[Items listed in a dataset]

____________

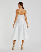 Mac Duggal White Strapless Satin Midi Dress With Flower Print
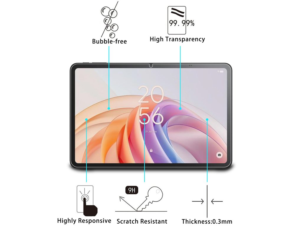 Pro největší možnou ochranu je vhodný protector z temperovaného skla - je plně průhledný, pevný (neohebný) a v případě prasknutí se nerozpadne na jednotlivé části, ale drží pohromadě a stále chrání displej. Plně ochrání displej před poškozením ostrými předměty (např. nožem) a disponuje oleofobním povrchem, takže se tablet stále dobře ovládá.
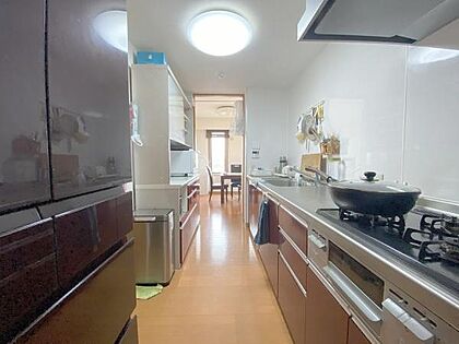 備え付けのカップボードやキッチン収納でキッチン周りすっきり!
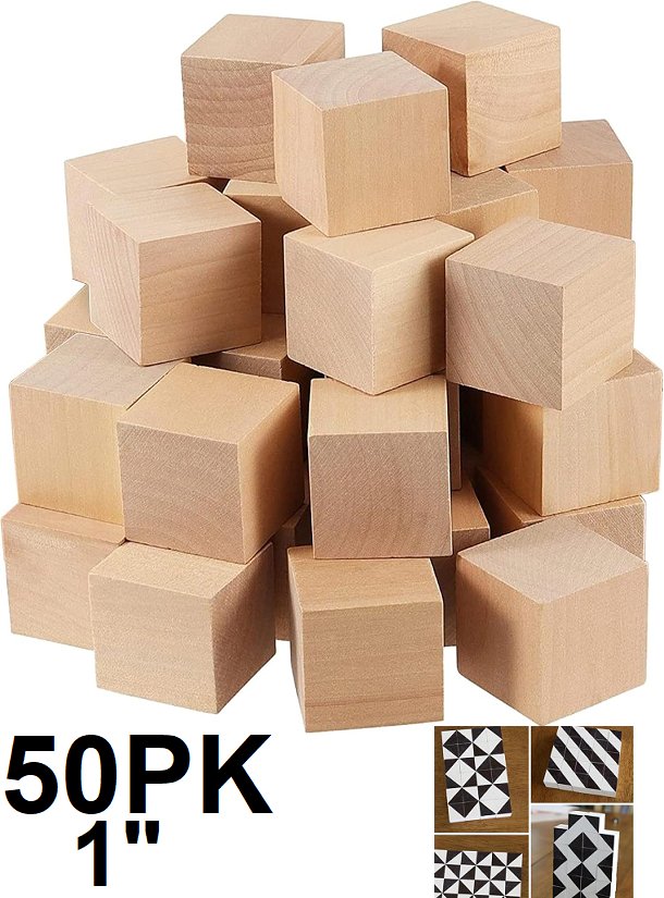 50PK WOODEN BUILDING BLOCKS FOR ARTS & CRAFTS - 1" - NATURAL
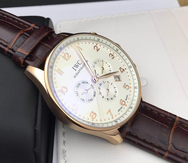 萬國葡萄牙系列六針日曆皮帶男士機械腕錶
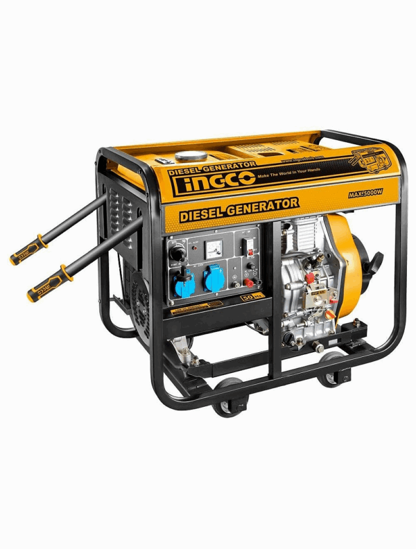 El generador diésel INGCO GDE50001 ofrece potencia confiable para respaldo eléctrico o uso industrial-ligero, ideal para talleres, obra, servicios de emergencia o ambientes donde se requiere autonomía energética. Ofrece una salida máxima de 5,0 kW y una salida nominal de 4,5 kW con voltaje 220-240 V en fase simple y frecuencia de 50 Hz. Funciona con un motor diésel de 9 HP (418 ml de cilindrada) refrigerado por aire, girando a 3 000 rpm. Incorpora inicio eléctrico y también por retroceso, alternador con bobinado de cobre, salida DC de 12 V / 8,3 A, tanque de combustible aproximado de 15-16 litros y peso seco en torno a 102 kg. Viene con ruedas y mango auxiliar para facilitar su transporte.
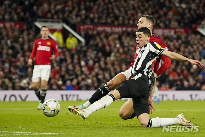 [맨체스터=AP/뉴시스] 뉴캐슬 유나이티드의 미겔 알미론이 1일(현지시각) 영국 맨체스터의 올드 트래퍼드 경기장에서 열린 2023-24시즌 EFL(카라바오)컵 16강전 맨체스터 유나이티드와의 경기 전반 28분 선제골을 넣고 있다. 뉴캐슬이 디펜딩 챔피언 맨유를 3-0으로 완파하고 8강에 올랐다. 2023.11.02.
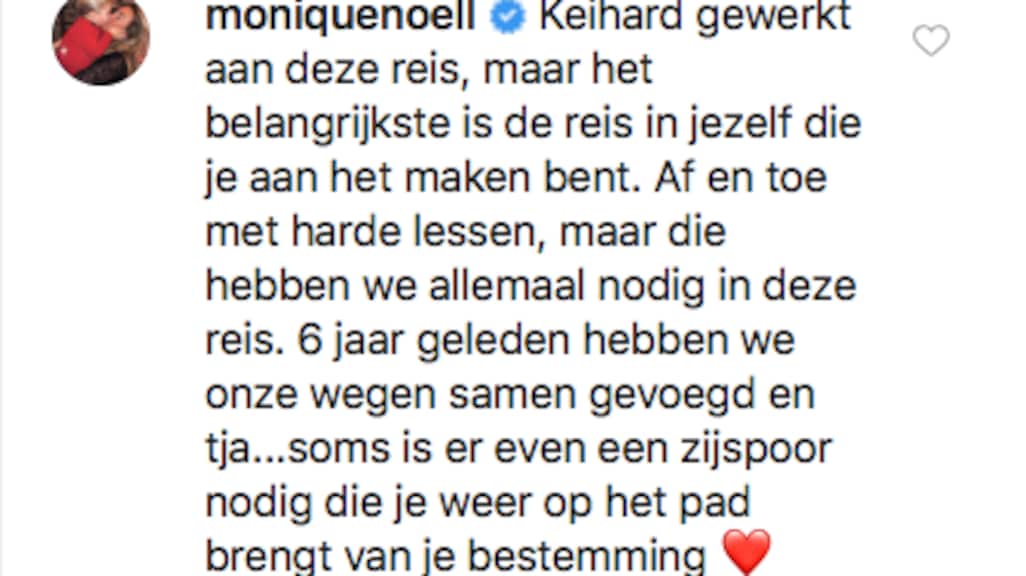Onder André's nieuwste post heeft Monique een reactie achtergelaten en dat lijkt een sneer te zijn naar Bridget. "Keihard gewerkt aan deze reis, maar het belangrijkste is de reis in jezelf die je aan het maken bent", schrijft ze. "Af en toe met harde lessen, maar die hebben we allemaal nodig in deze reis. Zes jaar geleden hebben we onze wegen samengevoegd en tja… soms is er even een zijspoor nodig die je weer op het pad brengt van je bestemming."
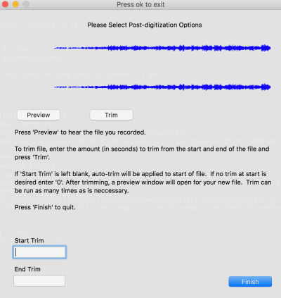 I also wanted audiorecorder to support embedding BWF metadata and to bypass any requirement for opening the file in a traditional DAW for trimming of silence. After quite a bit of experimentation, I have hit upon a series of looped functions using FFmpeg that allow for files to be manually trimmed both at the start and at the end, with the option for auto silence detect at the start. Being able to do this type of manipulation makes it possible to embed BWF metadata without worrying about having to re-embed in an edited file.
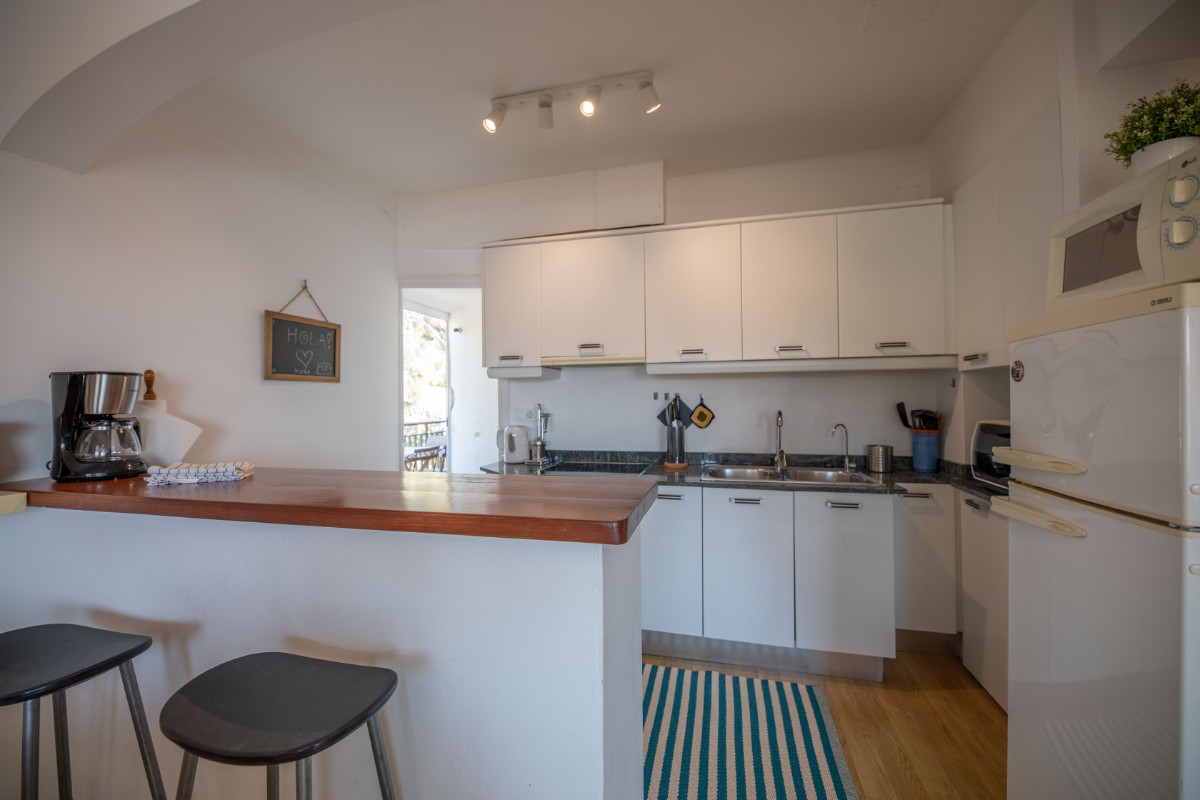 Diese Wohnung befindet sich in einem 5. Stock mit Aufzug, nur wenige Schritte vom Repic Strand in Port de Sóller. Von dem grosszügigen Wohn-Esszimmerbereich mit Sofa, TV/Video,WIFI, CD-stereo, und offener Wohnküche geniesst man einen schönen seitlichen Ausblick zum Hafen und dem Leuchtturm. Die Wohnung bietet den Gästen zwei Schlafzimmer mit Doppelbett und zwei Einzelbetten, ein Badezimmer mit Duschbad, WC und Waschbecken. Die Küche ist sehr gut ausgestattet mit Microwelle, Toaster, Kaffeemaschine, Wasserkocher, Kühlschrank mit Gefrierfach, Herd und Waschmaschine. Vom Wohnzimmer und eines der Schlafzimmer gelangt man auf die möblierte Terrasse mit Blick auf die Berge, welche sogar im Winter Sonne bietet!Es gibt eine Vielzahl an Wanderwegen in der Umgebung, inklusive dem beliebten Spaziergang vom Strand vor dem Haus bis zum Leuchtturm des Hafens. Es ist nicht notwendig einen PKW zu mieten. Die kleine Tramvia ist nur wenige Meter ebtfernt und es gibt im Hafen alle nötigen Restaurants, Shops etc welche man benötigt. Der bekannte Repic Strand mit seinen Cafes und Strandrestaurants und Bars ist nur wenige Meter vom Haus entfernt.
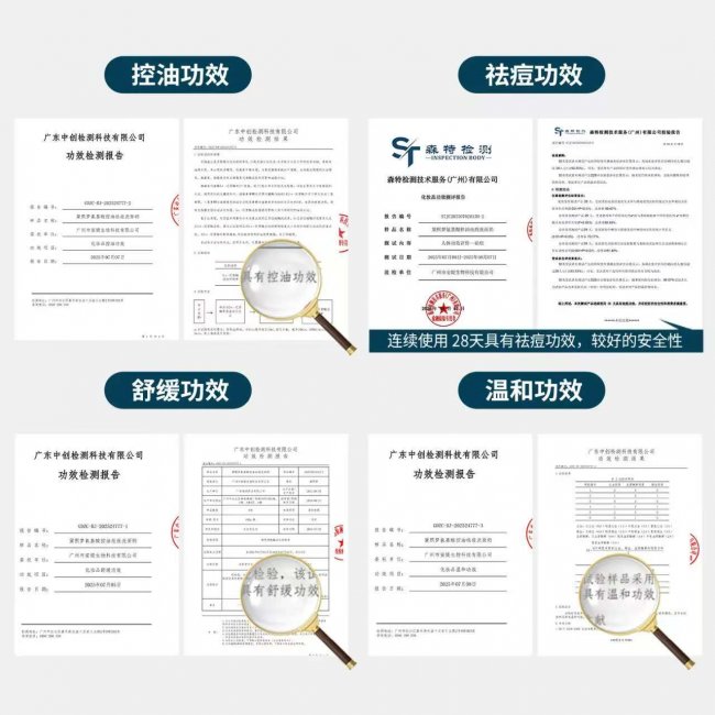 黛熙梦出身于拥有专业药企背景的成熟实验室,整个研发沿用了最高级别的制药行业标准。产品早已通过国家药监局各项备案,具备官方认可的无过敏原添加、无激素、无依赖性毒理学检测报告。在温和性、控油能力、抑菌效力、修复效果等多个维度均手握权威认证证书。
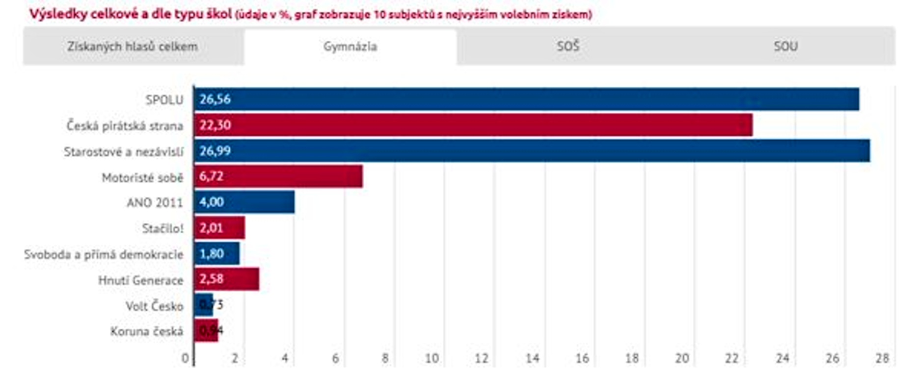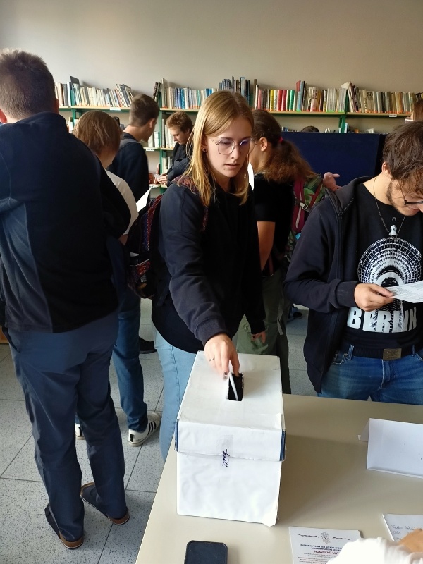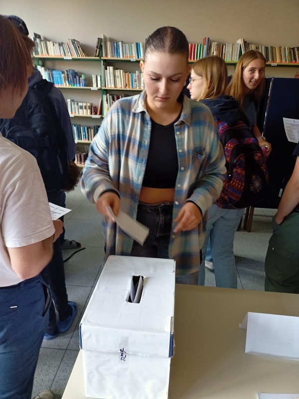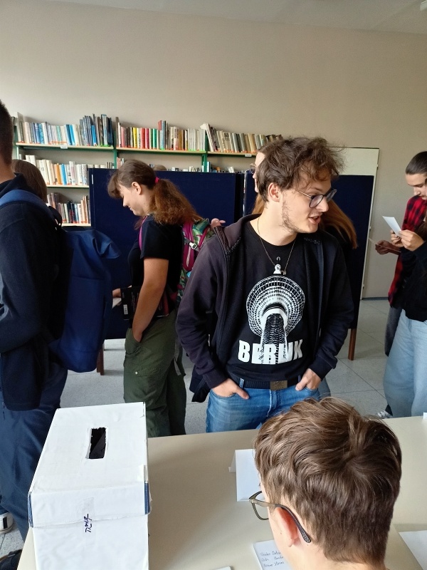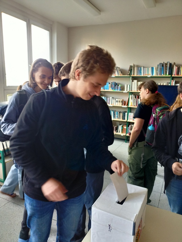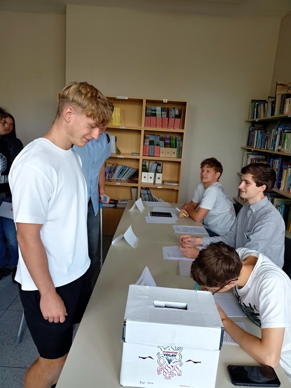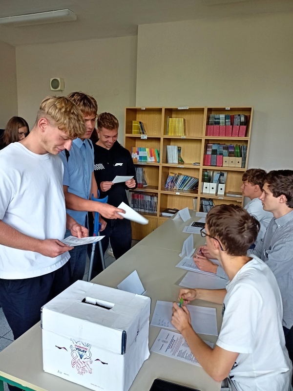 Ani mělničtí gymnazisté nezůstali mimo. K volební urně ve studovně dorazilo ve středu 17. září 2025 125 studentů ze 130 přihlášených. Do počtu možných voličů zasáhla týdenní exkurze do Francie, která jejich počet o několik snížila. Bylo odevzdáno celkem 121 platných hlasovacích lístků. Výsledky se pak příliš nelišily od těch celorepublikových. V následujícím přehledu jsou uvedeny ty kandidující subjekty, které získaly alespoň jeden hlas. Na 8.–12. místě jsou uvedeny podle pořadí na hlasovacím lístku. Počet získaných hlasů je v závorce.

____________

Problem details: Transcribe the records verbatim and omit the images.

Problem solution:
 Mac Duggal White Strapless Satin Midi Dress With Flower Print
 Pro největší možnou ochranu je vhodný protector z temperovaného skla - je plně průhledný, pevný (neohebný) a v případě prasknutí se nerozpadne na jednotlivé části, ale drží pohromadě a stále chrání displej. Plně ochrání displej před poškozením ostrými předměty (např. nožem) a disponuje oleofobním povrchem, takže se tablet stále dobře ovládá.
 備え付けのカップボードやキッチン収納でキッチン周りすっきり!
 50PK WOODEN BUILDING BLOCKS FOR ARTS & CRAFTS - 1" - NATURAL
 萬國葡萄牙系列六針日曆皮帶男士機械腕錶
 El generador diésel INGCO GDE50001 ofrece potencia confiable para respaldo eléctrico o uso industrial-ligero, ideal para talleres, obra, servicios de emergencia o ambientes donde se requiere autonomía energética. Ofrece una salida máxima de 5,0 kW y una salida nominal de 4,5 kW con voltaje 220-240 V en fase simple y frecuencia de 50 Hz. Funciona con un motor diésel de 9 HP (418 ml de cilindrada) refrigerado por aire, girando a 3 000 rpm. Incorpora inicio eléctrico y también por retroceso, alternador con bobinado de cobre, salida DC de 12 V / 8,3 A, tanque de combustible aproximado de 15-16 litros y peso seco en torno a 102 kg. Viene con ruedas y mango auxiliar para facilitar su transporte.
 [맨체스터=AP/뉴시스] 뉴캐슬 유나이티드의 미겔 알미론이 1일(현지시각) 영국 맨체스터의 올드 트래퍼드 경기장에서 열린 2023-24시즌 EFL(카라바오)컵 16강전 맨체스터 유나이티드와의 경기 전반 28분 선제골을 넣고 있다. 뉴캐슬이 디펜딩 챔피언 맨유를 3-0으로 완파하고 8강에 올랐다. 2023.11.02.
Onder André's nieuwste post heeft Monique een reactie achtergelaten en dat lijkt een sneer te zijn naar Bridget. "Keihard gewerkt aan deze reis, maar het belangrijkste is de reis in jezelf die je aan het maken bent", schrijft ze. "Af en toe met harde lessen, maar die hebben we allemaal nodig in deze reis. Zes jaar geleden hebben we onze wegen samengevoegd en tja… soms is er even een zijspoor nodig die je weer op het pad brengt van je bestemming."
 I also wanted audiorecorder to support embedding BWF metadata and to bypass any requirement for opening the file in a traditional DAW for trimming of silence. After quite a bit of experimentation, I have hit upon a series of looped functions using FFmpeg that allow for files to be manually trimmed both at the start and at the end, with the option for auto silence detect at the start. Being able to do this type of manipulation makes it possible to embed BWF metadata without worrying about having to re-embed in an edited file.
 Diese Wohnung befindet sich in einem 5. Stock mit Aufzug, nur wenige Schritte vom Repic Strand in Port de Sóller. Von dem grosszügigen Wohn-Esszimmerbereich mit Sofa, TV/Video,WIFI, CD-stereo, und offener Wohnküche geniesst man einen schönen seitlichen Ausblick zum Hafen und dem Leuchtturm. Die Wohnung bietet den Gästen zwei Schlafzimmer mit Doppelbett und zwei Einzelbetten, ein Badezimmer mit Duschbad, WC und Waschbecken. Die Küche ist sehr gut ausgestattet mit Microwelle, Toaster, Kaffeemaschine, Wasserkocher, Kühlschrank mit Gefrierfach, Herd und Waschmaschine. Vom Wohnzimmer und eines der Schlafzimmer gelangt man auf die möblierte Terrasse mit Blick auf die Berge, welche sogar im Winter Sonne bietet!Es gibt eine Vielzahl an Wanderwegen in der Umgebung, inklusive dem beliebten Spaziergang vom Strand vor dem Haus bis zum Leuchtturm des Hafens. Es ist nicht notwendig einen PKW zu mieten. Die kleine Tramvia ist nur wenige Meter ebtfernt und es gibt im Hafen alle nötigen Restaurants, Shops etc welche man benötigt. Der bekannte Repic Strand mit seinen Cafes und Strandrestaurants und Bars ist nur wenige Meter vom Haus entfernt.
 黛熙梦出身于拥有专业药企背景的成熟实验室,整个研发沿用了最高级别的制药行业标准。产品早已通过国家药监局各项备案,具备官方认可的无过敏原添加、无激素、无依赖性毒理学检测报告。在温和性、控油能力、抑菌效力、修复效果等多个维度均手握权威认证证书。
 Ani mělničtí gymnazisté nezůstali mimo. K volební urně ve studovně dorazilo ve středu 17. září 2025 125 studentů ze 130 přihlášených. Do počtu možných voličů zasáhla týdenní exkurze do Francie, která jejich počet o několik snížila. Bylo odevzdáno celkem 121 platných hlasovacích lístků. Výsledky se pak příliš nelišily od těch celorepublikových. V následujícím přehledu jsou uvedeny ty kandidující subjekty, které získaly alespoň jeden hlas. Na 8.–12. místě jsou uvedeny podle pořadí na hlasovacím lístku. Počet získaných hlasů je v závorce.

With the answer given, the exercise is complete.